Abonnez-vous

En vous abonnant, vous acceptez notre politique de confidentialité.

INFO PARTENAIRE

Helios : une éco-banque pour financer la transition écologique

L’application permet de suivre l’ensemble des financements accordés par Helios.
©Helios

Lancée le 22 février, l’éco-banque Helios promet une alternative totalement transparente et écologique au compte courant traditionnel : depuis l'application mobile, les utilisateurs peuvent retrouver tous les services pour gérer leurs dépenses simplement. Mais surtout, ils contribuent dès le premier euro à financer un monde plus durable pour les générations futures.

Les banques ont-elles réellement pris la mesure de l’urgence climatique ? Difficile de trancher, tant les signaux envoyés par les géants du secteur semblent aujourd’hui encore contradictoires.
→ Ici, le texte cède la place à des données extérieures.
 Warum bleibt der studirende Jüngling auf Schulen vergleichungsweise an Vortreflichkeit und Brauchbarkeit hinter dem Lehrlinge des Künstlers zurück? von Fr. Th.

Alors que les initiatives et annonces en faveur d’une finance plus durable se multiplient ces dernières années, les grandes banques poursuivent en parallèle leurs financements massifs à destination d’activités pourtant reconnues comme nocives pour l’environnement. 
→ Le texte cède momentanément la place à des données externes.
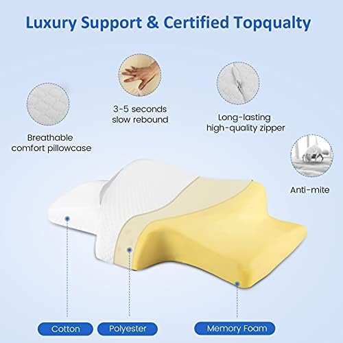 【Premium Memory Foam Pillow】 Cervical neck pillow core is made of high-density memory foam. It provides firm support with amazing comfort and softness when you are on back, side or stomach sleeping, evenly distributes the pressure and traction the cervical spine that lending to a better blood flow. Moreover, it can slow rebound its shape within a few minutes and keep its shape and firmness for long term use

Selon le rapport Banking on Climate Change, les plus grandes banques internationales auraient ainsi accordé depuis l’accord de Paris près de 2 700 milliards de dollars aux énergies fossiles, dont plus de 735 milliards juste en 2019. Dans une autre étude parue fin 2020, Oxfam France estime pour sa part que les six plus grandes banques hexagonales auraient une empreinte carbone représentant près de 8 fois les émissions de gaz à effet de serre de la France entière.

Des épargnants en quête de sens

Du côté du client final, ce n’est pourtant pas la demande pour des produits financiers plus responsables qui manque. De plus en plus attentifs dans leurs habitudes de consommation au quotidien, les Français affichent également depuis plusieurs années des exigences grandissantes concernant l’utilisation de leur épargne. Selon une enquête Opinionway publiée l’an dernier, 69 % d’entre eux seraient ainsi être prêts à changer de banque pour s’assurer que leur argent est "utilisé dans le respect de l’environnement et de la société". Plus globalement, 86 % des sondés reprochent à leur établissement financier un manque de transparence concernant leurs activités de financements. 
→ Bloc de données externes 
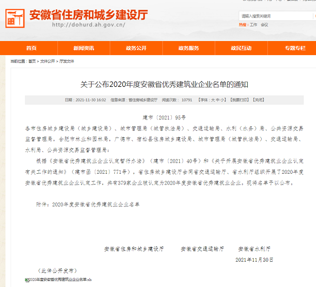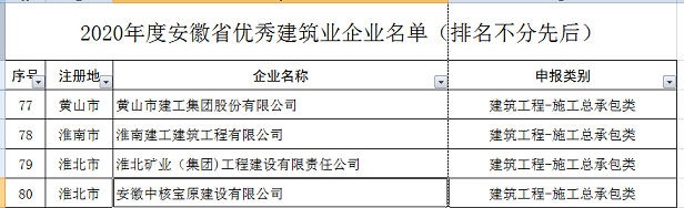 近日,安徽省住建廳傳來喜訊,2021年度安徽省優(yōu)秀建筑業(yè)企業(yè)評(píng)選結(jié)果已出爐,黃山市建工集團(tuán)榮獲2020年度安徽省優(yōu)秀建筑業(yè)企業(yè)---建筑工程施工總承包類優(yōu)秀建筑業(yè)企業(yè)。

L’opacité et la lenteur dans les changements des pratiques, c’est justement ce qui a motivé la création d’Helios, dont l’ambition affichée est de proposer une alternative transparente et écologique aux banques classiques. "Aujourd’hui, la finance ne va ni assez vite ni assez loin pour s’occuper du climat", assène Julia Ménayas, co-fondatrice de l’éco-banque dont le lancement a eu lieu le 22 février. "Le secteur entretient volontiers son opacité, et les offres ‘durables’ disponibles aujourd’hui sur le marché ne correspondent pas forcément à la réalité des usages des Français. Ce que l’on a voulu faire, c’est créer de la simplicité pour permettre de faire de l’engagement en matière de banque un réflexe".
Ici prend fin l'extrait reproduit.